4) Convince investors that this is a good idea.

Step four sounds difficult, but it's actually the easiest part of the process. See investors like safe investments, but they also want to give the appearance of being true maverick devil-take-all risk takers who live on the edge, movers and shakers, and generally men about town. Now, historically investment banking is a risky business, but savings and loan banking is pretty safe. Only there's a catch - you don't make a lot of money in the savings and loan business, compared to investment banking anyway. And what money you do make takes a long time. Patience doesn't exactly fit into the maverick investor image. So, a while back, some bright guy got the idea to bundle those Savings and Loan mortgages together, then turned the resulting bundle into a bond, and sold that to investors at a big fat commission - and in the process dumped the risk on the investor.


The bank loans money to a home buyer on a 30-year fixed mortgage at the current interest rate. If the principle was $180K at 5.5% annual interest, the total payback over 30 years is about $368K, i.e. the bank makes a profit of nearly $190K. The problem is that it takes thirty years. So, you take a bunch of those pink slips, bundle them together and sell them to an investment bank who uses them to power up Wall Street. Not only does the bank get their money now, they get a commission too.

For a bank, that's just about as good as it gets short of owning their own mint and printing press.

And in America, if it's good - well, then more is better, super-size me, Baby.

Now, at this point, those mortgages actually have some real value - the value of the physical properties they represent, and the promised moola over time. Bundle enough of them together, sort of like finding loose change in the couch cushions and putting it into coin rolls, and you're talking major bucks here. Trillions actually.

And everybody on Wall Street said predictably enough, "Hey! I gotta get me some of that!" And like crazed teenaged Hannah Montana fans rioting outside TicketMasters, investors rapidly began to lose their minds.

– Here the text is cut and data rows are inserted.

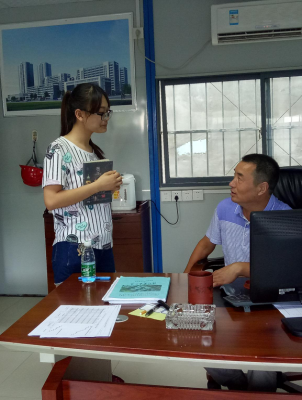 当日上午,全体成员来到南通四建集团公司于河海大学建设项目的现场并受到了河海大学项目总负责人于建光于经理的热情接待。在全体佩戴安全帽后团队成员和于经理就此项目进行了热烈讨论并了解到河海大学项目由于是在先前没有建筑物的基础上进行建造,因此相较于那些将建筑物推掉再建的类型而言,其产生的建筑污染是明显少很多的。小组成员还就建筑废料和噪声问题进行了提问,于 于经理帮组员整理安全帽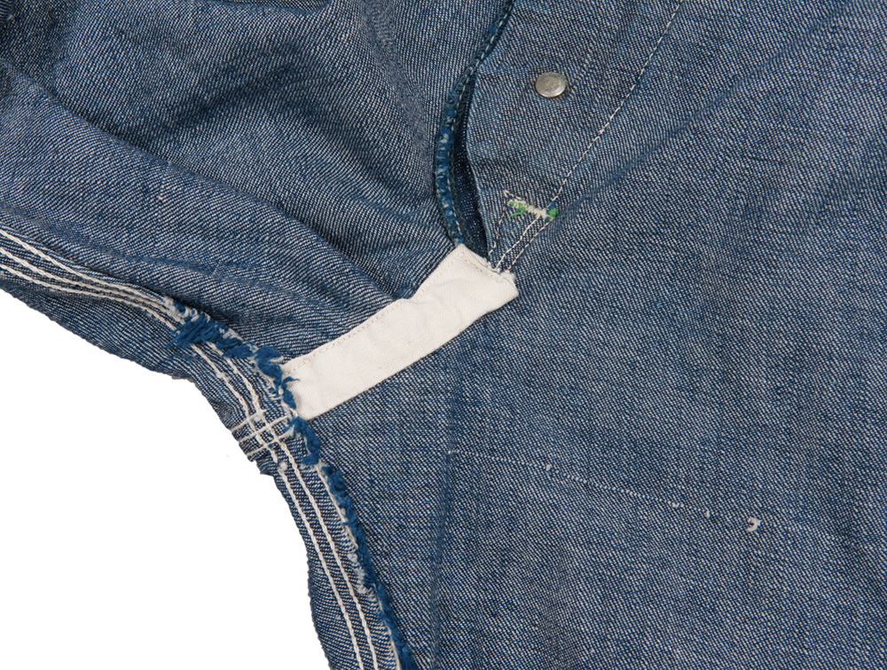 小股(開きどまりより下)を別布を地縫いして倒す方法で始末しています。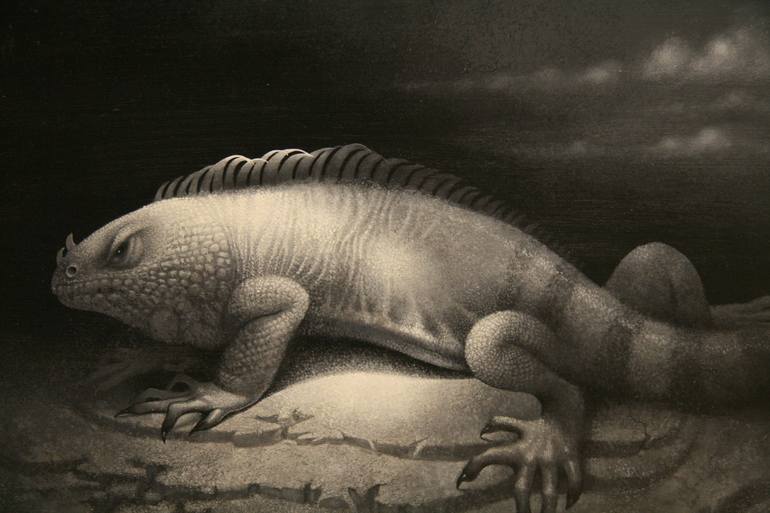 Barbara took inspiration from many places in her life including her love of all animals. This piece is one of a series culminating in Big Lizard a large format oil painting.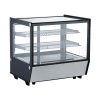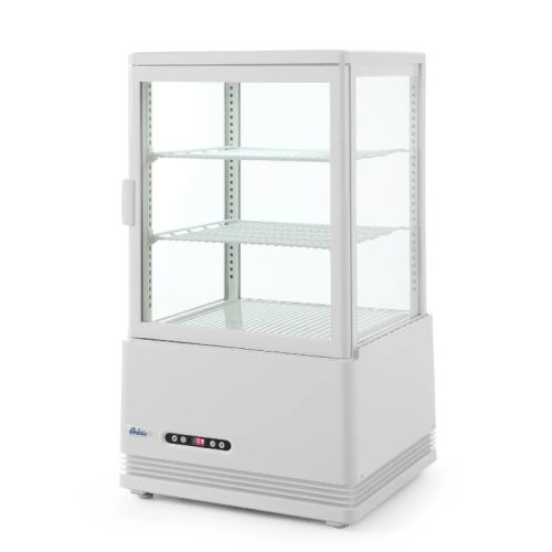 Hlađena, osvijetljena vitrina kapaciteta 100 litara s 2 podesive žičane police. S kliznim stražnjim vratima i sustavom protiv kondenzacije na staklu.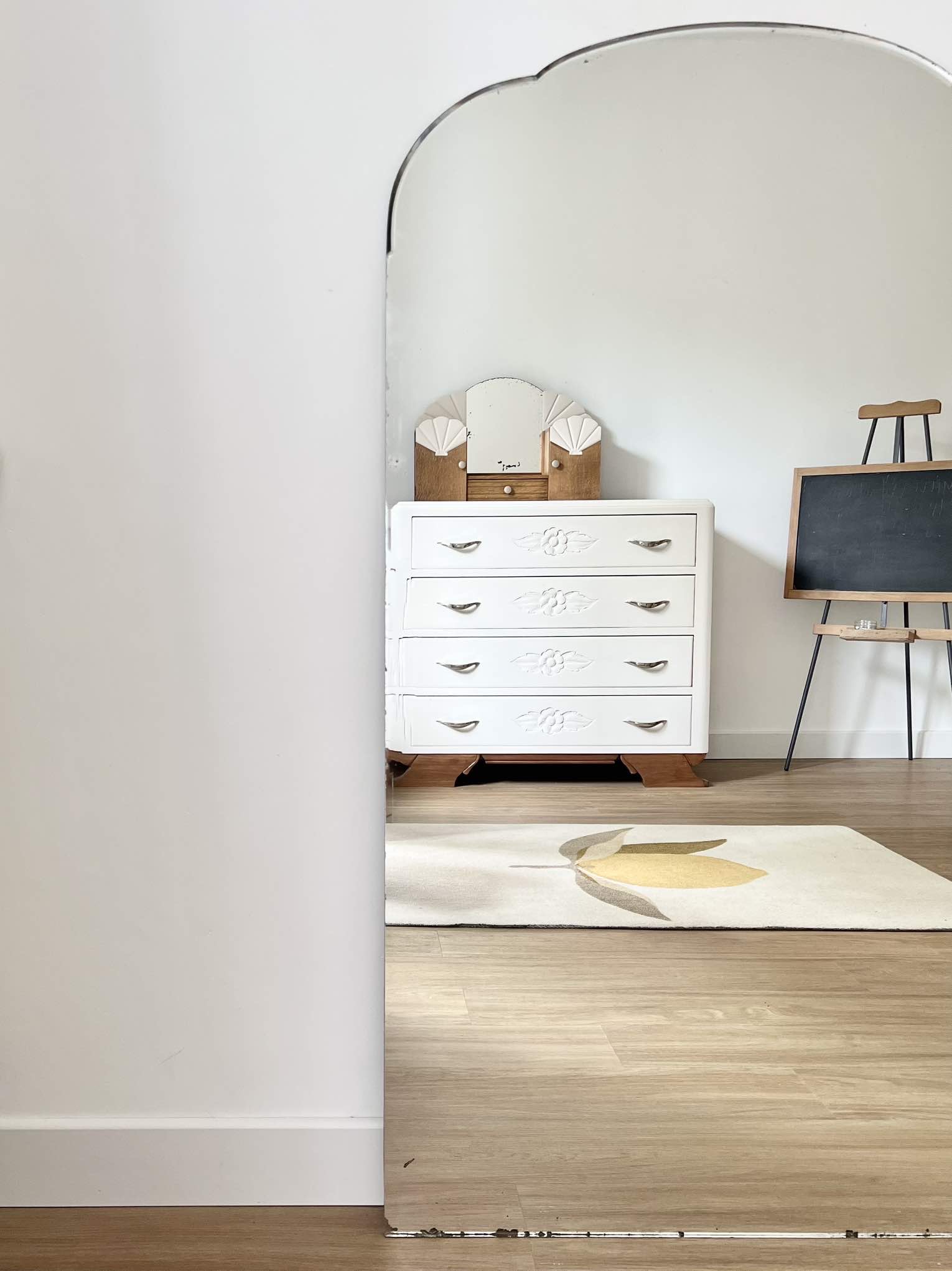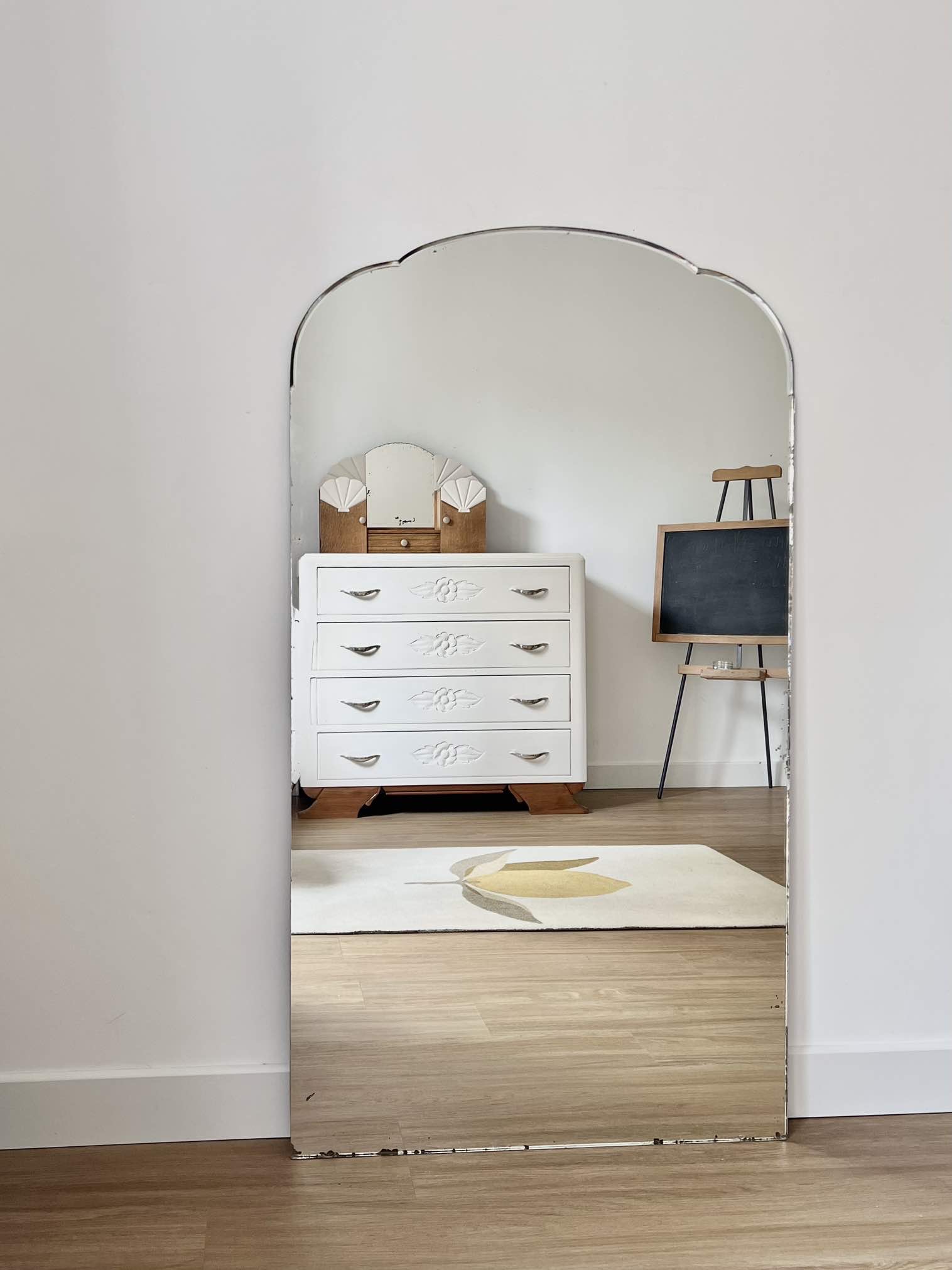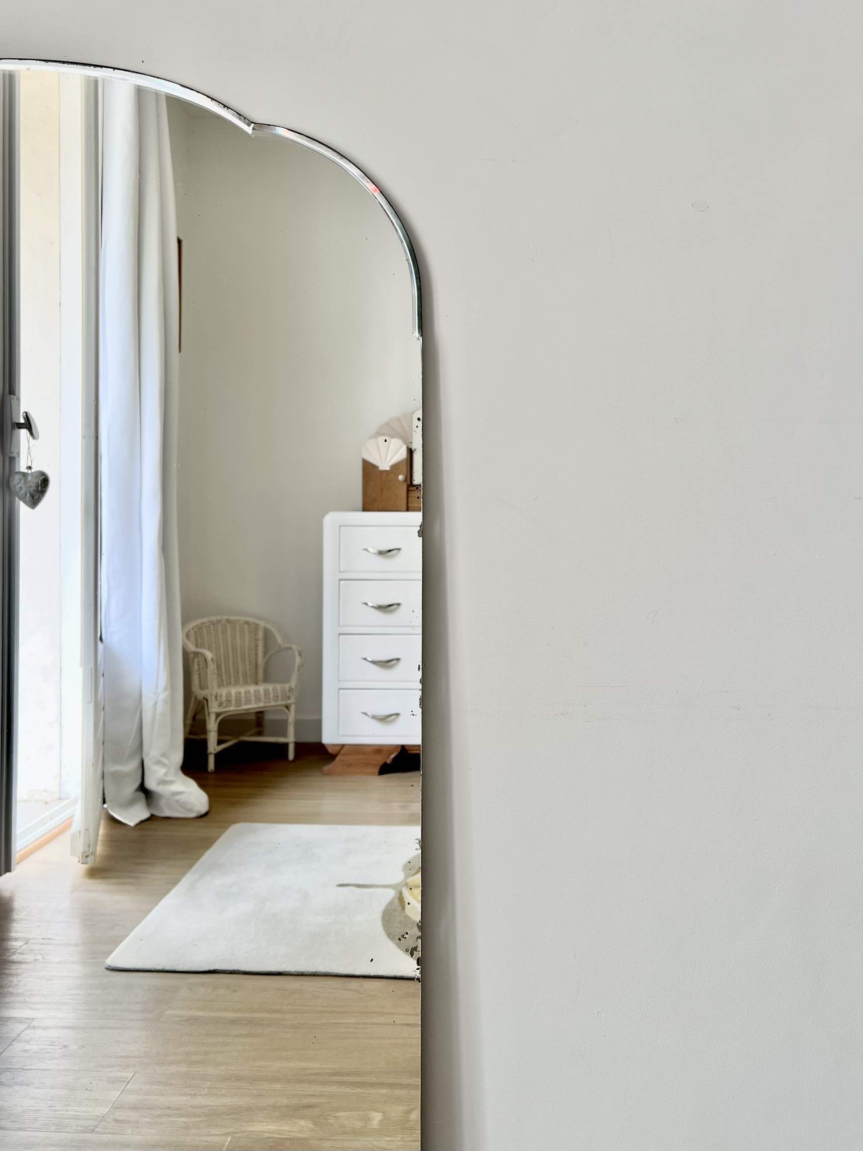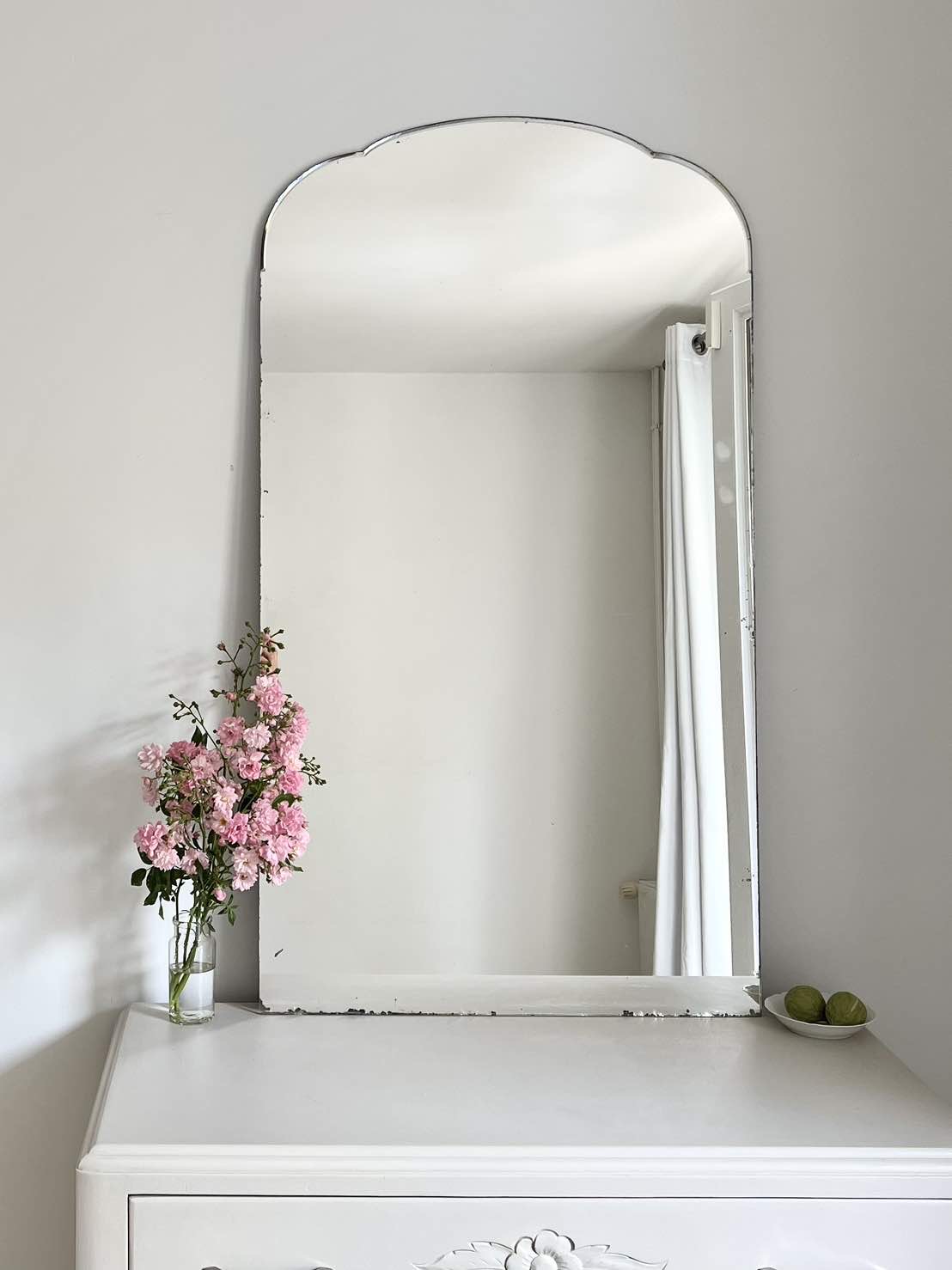 Voici un joli miroir ancien, avec ses formes arrondies.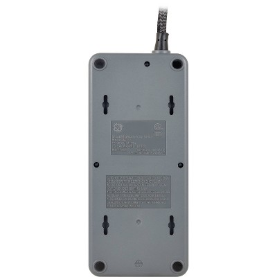 Size 8 ft GE 12-Outlet Surge Protector 3540J 8' Braided Cord Black/Gray: Extension Cord, Outlet Extender, Multiple Plug-in Outlets
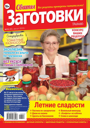Более 100 рецептов заготовок от Сватов в каждом номере: соленья и маринады, салаты и ассорти, соусы и приправы, заготовки к сезону, сладкие заготовки, напитки, винный погребок, мясные деликатесы, здоровые рецепты, целебные заготовки, дачные хлопоты, правила хранения, а также кроссворды и сканворды для досуга. Лучшими рецептами поделятся с вами сваты Любовь Сергеевна и Михаил Михайлович.

The problem was that there just wasn't enough people buying houses. How did they fix that? By applying the PT principle, of course. First, the S&L's started giving out loans to people who really, really couldn't afford them, using a variety of elaborate and convoluted scams like interest-only, balloon-payment, sub-prime mortgages to hide the fact that the buyer really never had any hope whatsoever of paying back the loan. Ever.

What? That's crazy you say? No bank is going to loan money to somebody who they know can't pay it back! That's insane.

Well, yeah, except that the S&L's didn't plan on getting their money back from the borrowers, they planned on getting it from Wall Street plus interest, and at the same time dump the inevitable loan default on the investment bank in one of the biggest bait & switch scams in history. And, they reasoned, nobody is getting hurt here, when the loans default the investment banks will repossess the properties in question, which we'll then buy back at bargain prices, and then sell those same batch of properties to another whole batch of suckers.

Shake, repeat as necessary until the cycle becomes self generating and self reinforcing - sort of like a perpetual motion machine of turd polishing.

Now, wait just a damned minute, Jim, say you in that outraged tone you use when you think I'm talking out my excretory orifice. That can't work, what about the second law of thermodynamics, you know, that bit about entropy increasing? No way your theory of cyclic turd polishing works.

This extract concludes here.